■ How to complete this task: In the records below, find the line containing "中國紡織工業(yè)聯(li", then copy that line and all lines after it, exactly, omitting every picture.

■ Source records:

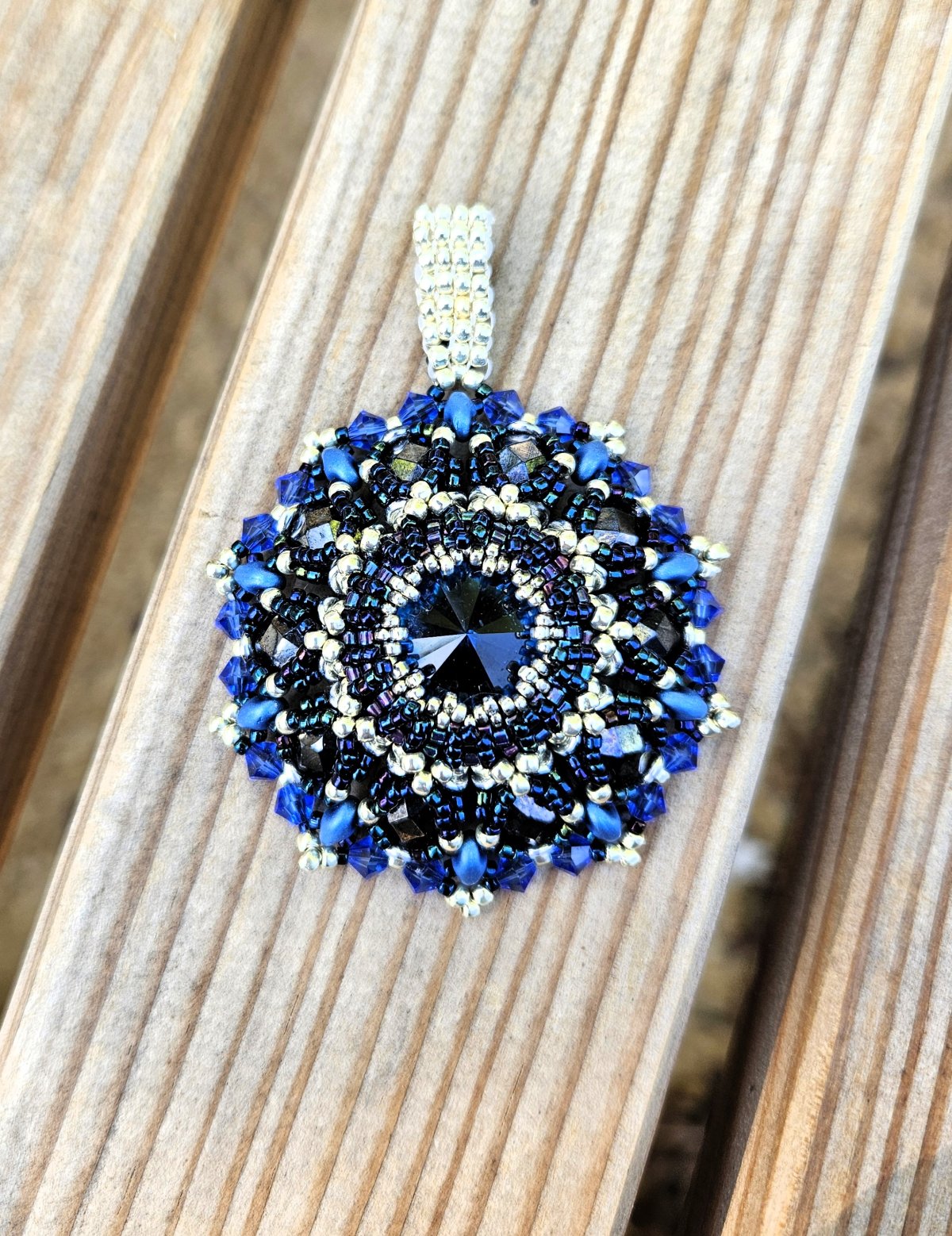 Quadrina un pendentif très élaboré avec des chatons en cristal, sertie avec des rocailles sur une base de perles de bohème
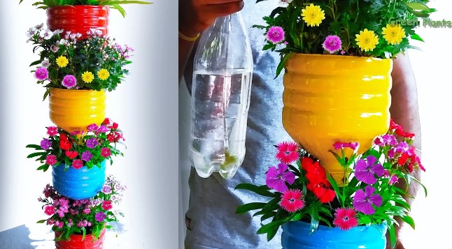ایده خلاقانه و بسیار جالب ساخت گلدان در خانه با بطری های بزرگ پلاستیکی
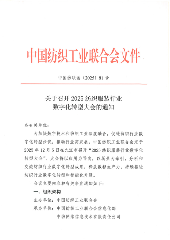 中國紡織工業(yè)聯(lián)合會關(guān)于召開2025紡織服裝行業(yè)數(shù)字化轉(zhuǎn)型大會的通知
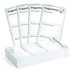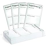 - Features: Imagine the convenience of having a stash of cards at your fingertips, whether you're running a suggestion box in your office or conducting a social event. You can even distribute the cards to individual attendees, encouraging them to share their thoughts with your organization. With these suggestion cards,you can invite customers to submit helpful,feedback,comments and suggestions,which are conducive to your work quality. Specifications: Main color: as the pictures shown Size: 3.5 x 6.7 inch/ 9 x 17 cm Material: quality paper Package includes: 200 sheets suggestion cards Notes: Please allow slight deviation due to manual measurement. The color may exist a slight difference due to different screen displays.
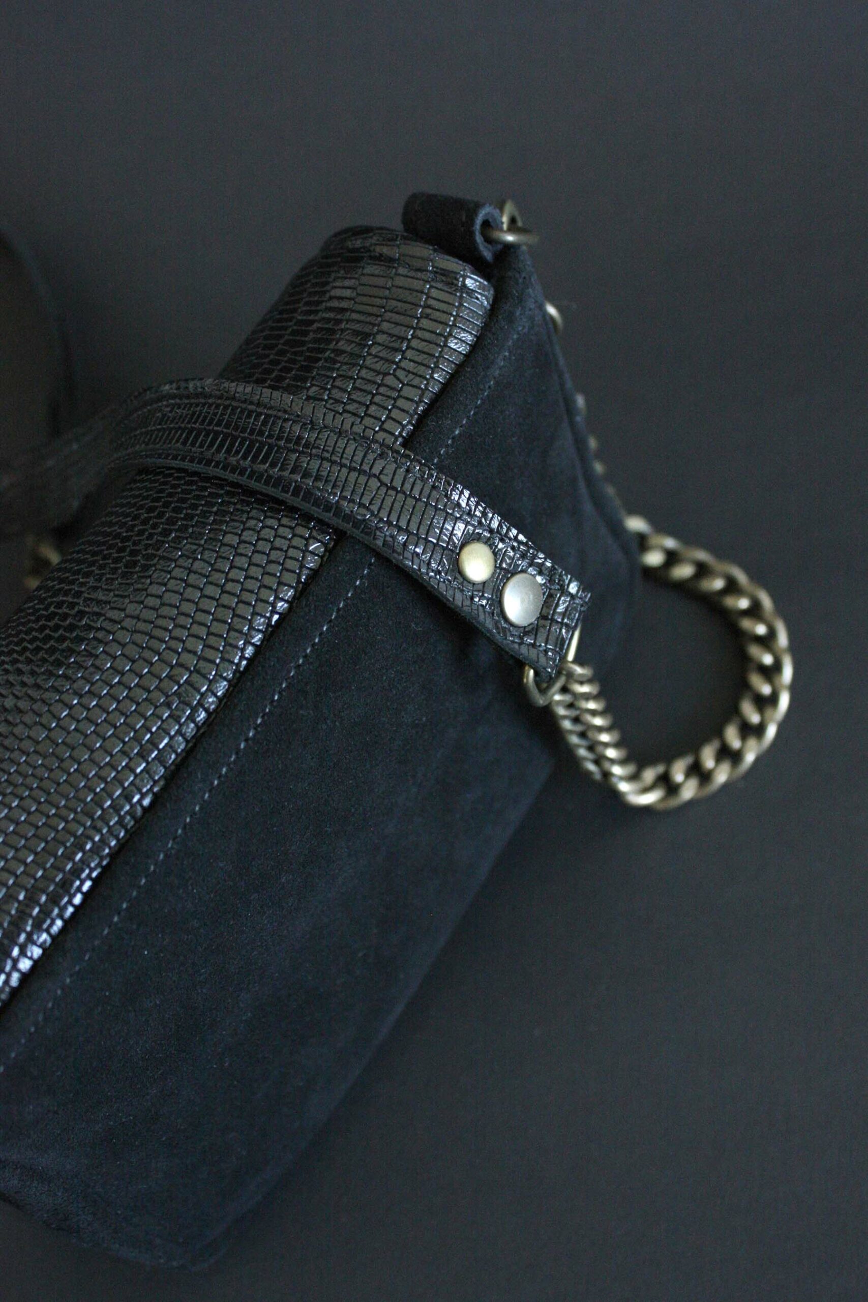 COMPOSITION : cuir de vachette façon reptile revalorisé et cuir velours de veau provenance Italie, doublure gabardine bleu marine 100% coton
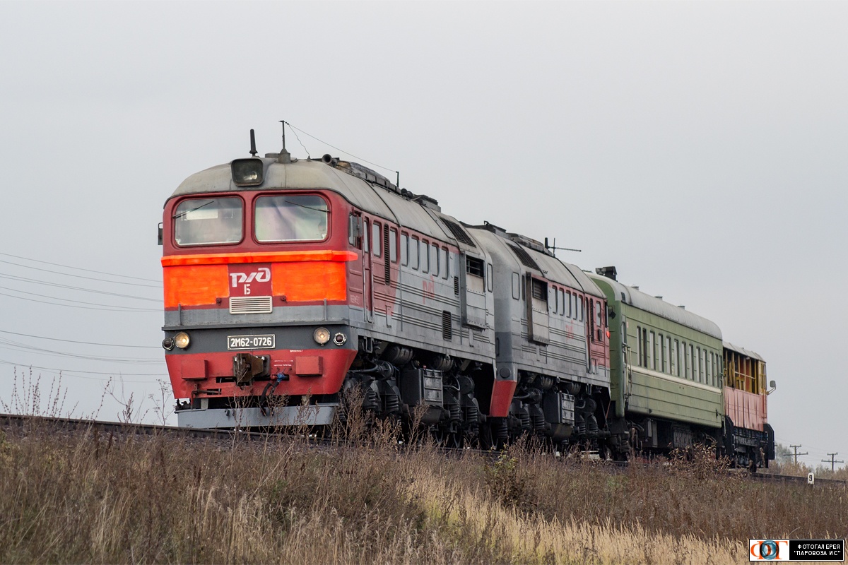 | Тепловоз 2М62-0726 на перегоне Кромы - Курбакинская, Орловская обл. Автор: Бурундук | Фото сделано 18.X.2015, опубликовано 1.V.2016.

■ Your response:
 中國紡織工業(yè)聯(lián)合會關(guān)于召開2025紡織服裝行業(yè)數(shù)字化轉(zhuǎn)型大會的通知
 - Features: Imagine the convenience of having a stash of cards at your fingertips, whether you're running a suggestion box in your office or conducting a social event. You can even distribute the cards to individual attendees, encouraging them to share their thoughts with your organization. With these suggestion cards,you can invite customers to submit helpful,feedback,comments and suggestions,which are conducive to your work quality. Specifications: Main color: as the pictures shown Size: 3.5 x 6.7 inch/ 9 x 17 cm Material: quality paper Package includes: 200 sheets suggestion cards Notes: Please allow slight deviation due to manual measurement. The color may exist a slight difference due to different screen displays.
 COMPOSITION : cuir de vachette façon reptile revalorisé et cuir velours de veau provenance Italie, doublure gabardine bleu marine 100% coton
 | Тепловоз 2М62-0726 на перегоне Кромы - Курбакинская, Орловская обл. Автор: Бурундук | Фото сделано 18.X.2015, опубликовано 1.V.2016.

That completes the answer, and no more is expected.